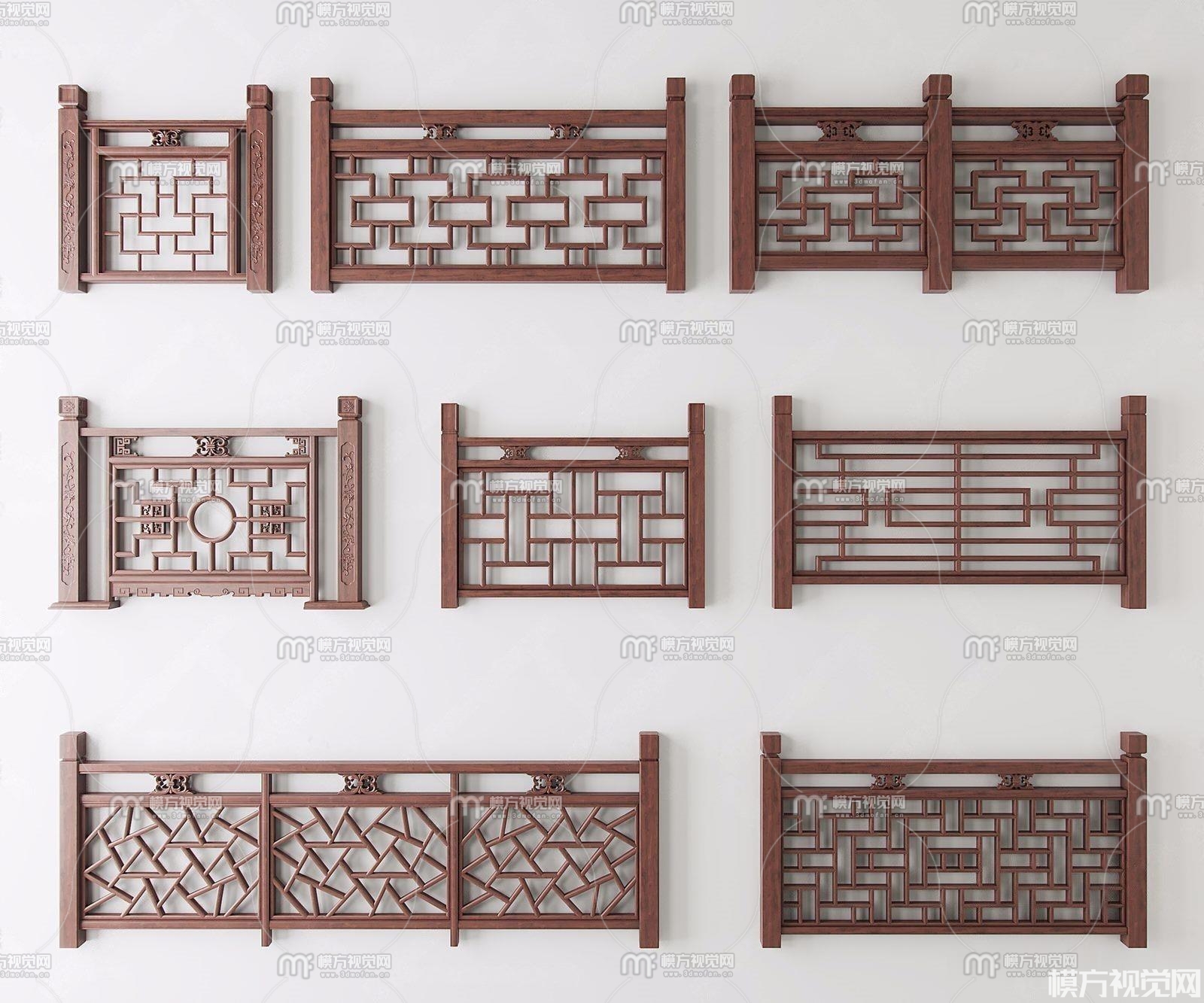 新中式木质栏杆护栏3D模型(ID:0010459)
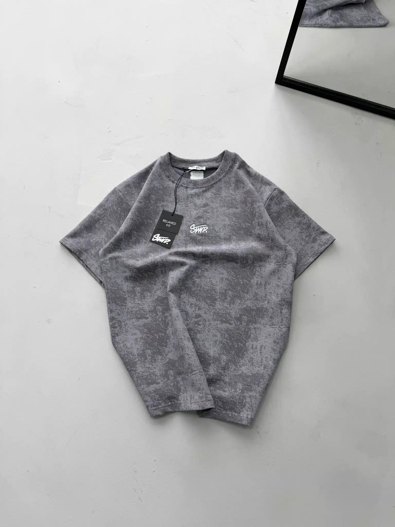 ST Nakış Detaylı Yıkamalı Bisiklet Yaka Tshirt – Gri
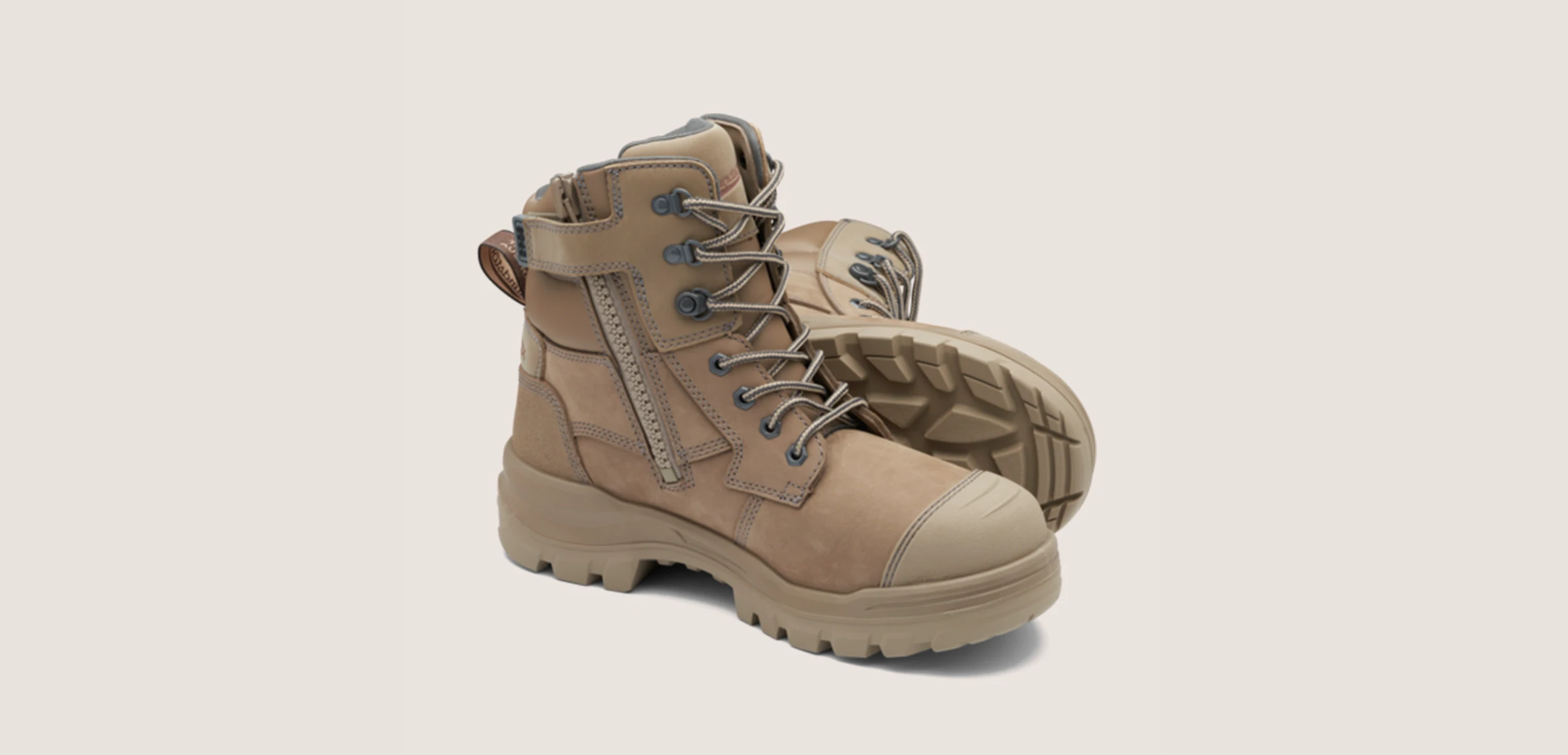 Blundstone Rotoflex 8063 Stone Zip Sided safety boot is equipped with an industrial grade zip for ease of access and SoftCell® technology to ensure a secure and comfortable fit.
──────────────────────────────
* [Goal of the exercise] An exact, word-for-word version of the material is required, free of pictures.

* [Reply to the task]
 新中式木质栏杆护栏3D模型(ID:0010459)
 ST Nakış Detaylı Yıkamalı Bisiklet Yaka Tshirt – Gri
 Blundstone Rotoflex 8063 Stone Zip Sided safety boot is equipped with an industrial grade zip for ease of access and SoftCell® technology to ensure a secure and comfortable fit.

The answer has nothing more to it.